Design Guidance for RHEL High Availability Clusters - Microsoft Azure Virtual Machines as Cluster Members

Updated

Contents

Overview

Applicable Environments

  • Red Hat Enterprise Linux (RHEL) with the High Availability Add-On
  • Using the Microsoft Azure platform for virtual-machine hosting

Useful References and Guides

Introduction

This guide introduces administrators to Red Hat's recommendations, references, and considerations that may be useful in designing a RHEL High Availability cluster running on Microsoft Azure virtual machines.

Virtual machine configuration

VM distribution recommendation: Place VMs in the same Azure Availability Set

Additional details:

Reasons:

  • RHEL High Availability requires enough members to be active and functional for the cluster to maintain availability of services. An Availability Set aims to keep VMs isolated so that a single failure is less likely to disrupt all VMs in the cluster.
  • Quoting the above linked Microsoft tutorial: "An Availability Set is a logical grouping capability that you can use in Azure to ensure that the VM resources you place within it are isolated from each other when they are deployed within an Azure datacenter. Azure ensures that the VMs you place within an Availability Set run across multiple physical servers, compute racks, storage units, and network switches. If a hardware or Azure software failure occurs, only a subset of your VMs are impacted, and your overall application stays up and continues to be available to your customers"
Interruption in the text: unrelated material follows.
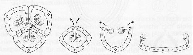 Die theoretische Ausrollung der Fruchtblätter zeigt die randständige (marginale) Position der Samenanlagen, die sich wahrscheinlich aus randständigen Megasporangien entwickelt haben. Aus: D. Böhlmann ,,Botanisches Grundpraktikum zur Phylogenie und Anatomie" (UTB Quelle & Meyer 1994)

Data storage considerations: Picking a storage method

Considerations:

  • What is special about storage for High Availability use cases?: A cluster-managed-application's data will typically need to be stored in a way that can be accessed from any of the systems serving in a RHEL High Availability cluster. The application may have to failover to other nodes, and so each one would need to have access or be able to activate the storage target when the application needs to be started there.
  • Azure-specific data storage: See Microsoft's guidance on different data storage methods offered by Azure: Content from docs.microsoft.com is not included.docs.microsoft.com - Deciding when to use Azure Blobs, Azure Files, or Azure Disks
    • Azure Blobs may be an effective storage method for application data if the application supports Blobs and/or can use Microsoft's libraries for them.
    • Azure Files may be a useful method for data storage in a RHEL High Availability cluster, as the data-share mount should be manageable as a highly available filesystem resource by the cluster, and applications may not need special support to access the file system contents (as long as they are compatible with the smb protocol).
      • See the section below in RHEL High Availability cluster configuration for further details.
    • Azure Disks are exclusive to a single VM at a time, and RHEL High Availability does not yet offer any mechanism to transfer an Azure Disk from one VM to another - so this data storage method is typically not viable for RHEL High Availability cluster-managed applications.
  • Cloud-based distributed/replicated storage: Red Hat Gluster Storage, Red Hat Ceph Storage, host-based storage replication like Linbit DRBD, or other storage solutions targeting cloud deployments may be able to serve cluster-managed applications.
  • NFS or CIFS (samba): These can be used in various ways to present data to the cluster-managed applications
    • Accessing your on-premise NFS/CIFS exports may be possible, but may also incur significant performance penalties. If only small amounts of data are needed, and/or latency is not a concern, then using a data-share from a filer or cluster in your on-premise datacenter may be a suitable solution.
    • A RHEL High Availability cluster of VMs can be deployed in Azure to export data to your application cluster, making these exports highly-available from that backend cluster using some sort of host-based replication mechanism. Linbit's DRBD, or other replication software may provide a solution for making data highly available to the export-cluster.
    • A VM can be deployed in Azure using an Azure Disk as backing store for exporting data via NFS or CIFS to your cluster. However the lack of redundancy of this VM (or the data it contains) could make this a single point of a failure for the RHEL HA cluster it serves - so this is often not a compelling solution for critical workloads.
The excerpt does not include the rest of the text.